I cannot actually see the URL, but it all seems to be s3 related, and there's the following stack trace (I haven't verified if it applies to all failures, but probably):

==================================== ERRORS ====================================
_______________________ ERROR at setup of test_read_s3fs _______________________

s3_connection = ('localhost', 52375, 'arrow', 'apachearrow')
tmpdir_factory = TempdirFactory(_tmppath_factory=TempPathFactory(_given_basetemp=None, _trace=<pluggy._tracing.TagTracerSub object at 0x40002614ac20>, _basetemp=PosixPath('/tmp/pytest-of-conda/pytest-0'), _retention_count=3, _retention_policy='all'))

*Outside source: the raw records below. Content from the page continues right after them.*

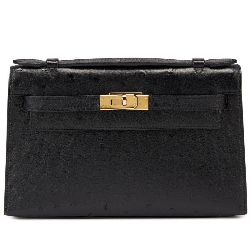 2019Description Hermes Black Ostrich Kelly Pochette Gold Hardware, 2019 Interior is lined in tonal leather...
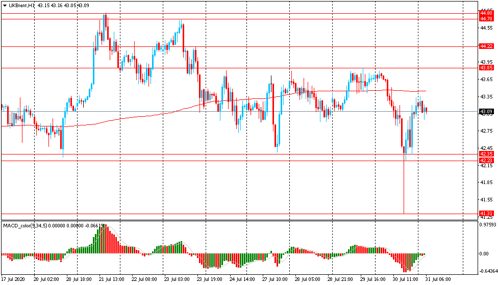 Основной сценарий продвижения пары — последующее снижение к $42.35 (минимум американской сессии 30 июля). Альтернативный сценарий предполагает закрепление выше MA 200 H1 с последующим ростом к $44.20 (максимум американской сессии 23 июля).
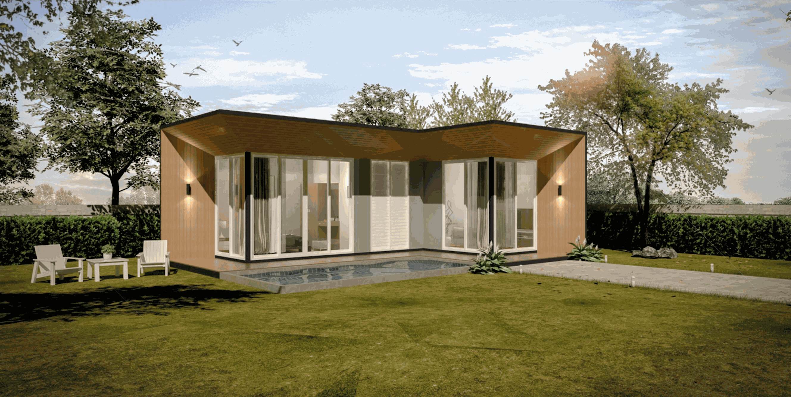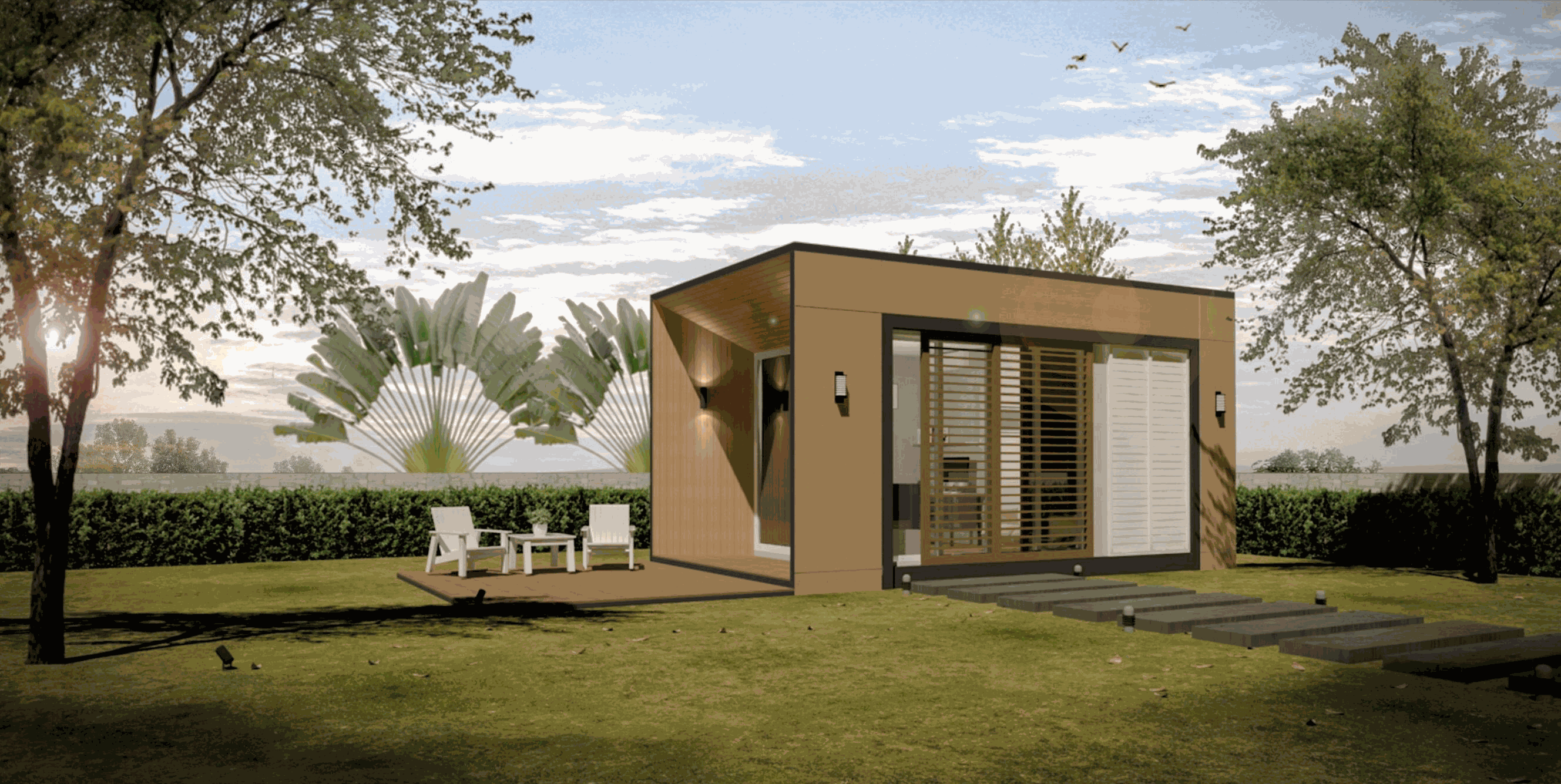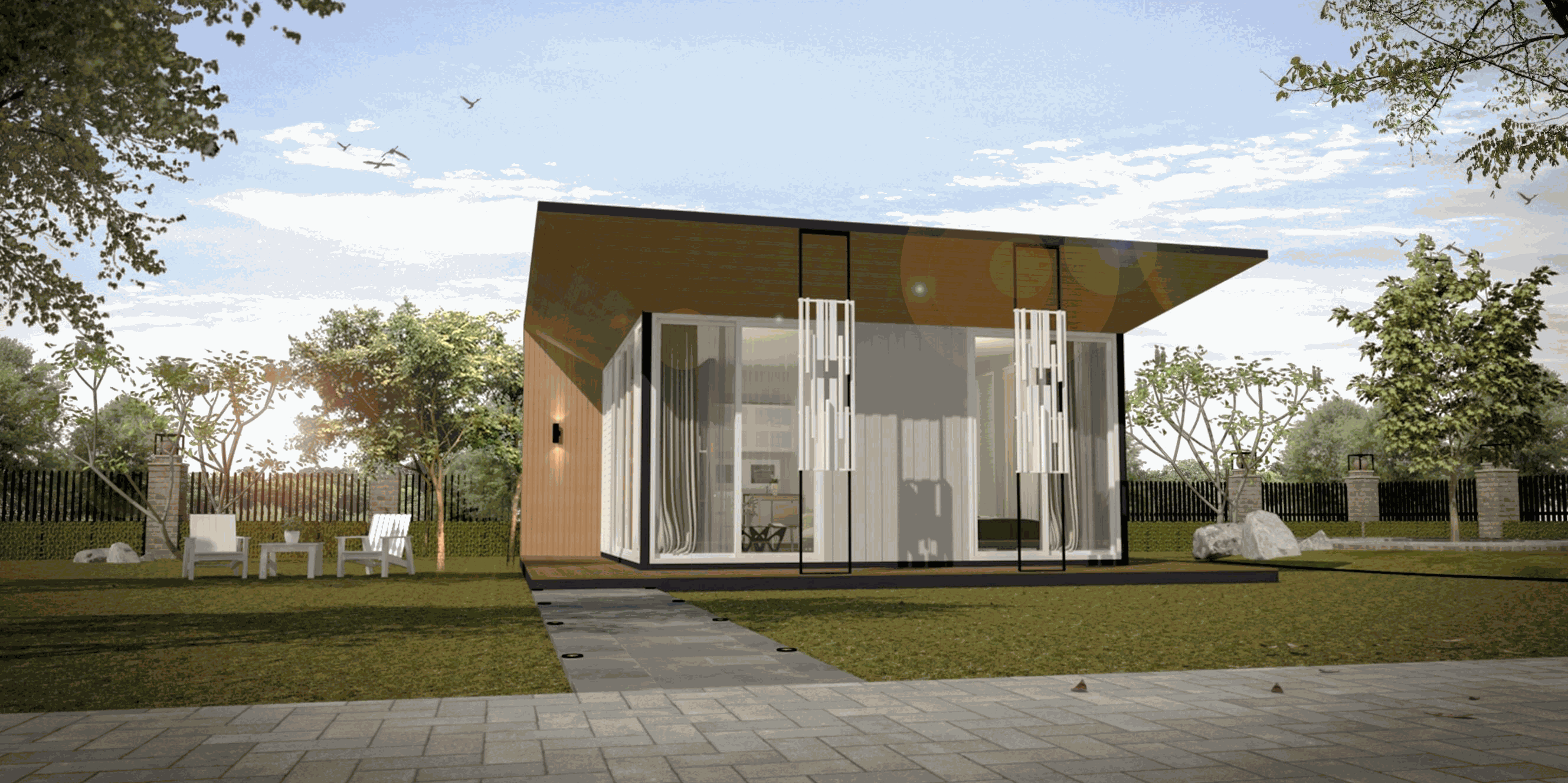 แต่ละ Module สามารถเชื่อมต่อกันด้วยระเบียง-กันสาด เพื่อขยายเพิ่มพื้นที่ภายใน-ภายนอก
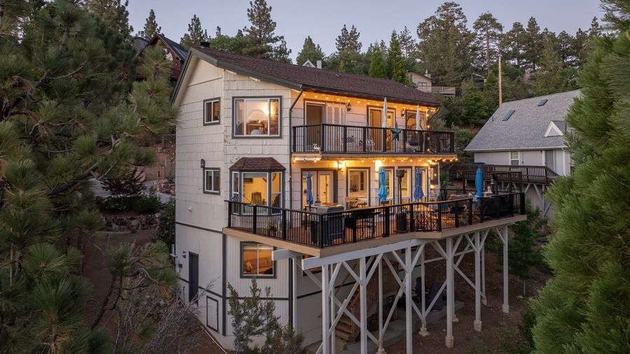 Escape to your perfect Big Bear mountain retreat featuring a private hot tub, expansive deck with forest views, and cozy spaces designed for relaxing, entertaining, and making memories year-round. Whether you're visiting for skiing, lake days, hiking, or a peaceful getaway, this spacious cabin offers the ideal balance of comfort, location, and outdoor experience. Step inside to a warm and inviting living space with vaulted wood-beam ceilings, comfortable seating, and a cozy fireplace perfect for movie nights or unwinding after a day on the slopes. The open layout allows everyone to gather comfortably, while the shuffleboard table adds a fun and interactive touch for guests of all ages.

    @pytest.fixture(scope='session')
    def s3_server(s3_connection, tmpdir_factory):
        @retry(attempts=5, delay=0.1, backoff=2)
        def minio_server_health_check(address):
            resp = urllib.request.urlopen(f"http://{address}/minio/health/cluster")
            assert resp.getcode() == 200

        tmpdir = tmpdir_factory.getbasetemp()
        host, port, access_key, secret_key = s3_connection

        address = '{}:{}'.format(host, port)
        env = os.environ.copy()
        env.update({
            'MINIO_ACCESS_KEY': access_key,
            'MINIO_SECRET_KEY': secret_key
        })

        args = ['minio', '--compat', 'server', '--quiet', '--address',
                address, tmpdir]
        proc = None
        try:
            proc = subprocess.Popen(args, env=env)
        except OSError:
            pytest.skip('`minio` command cannot be located')
        else:
            # Wait for the server to startup before yielding
>           minio_server_health_check(address)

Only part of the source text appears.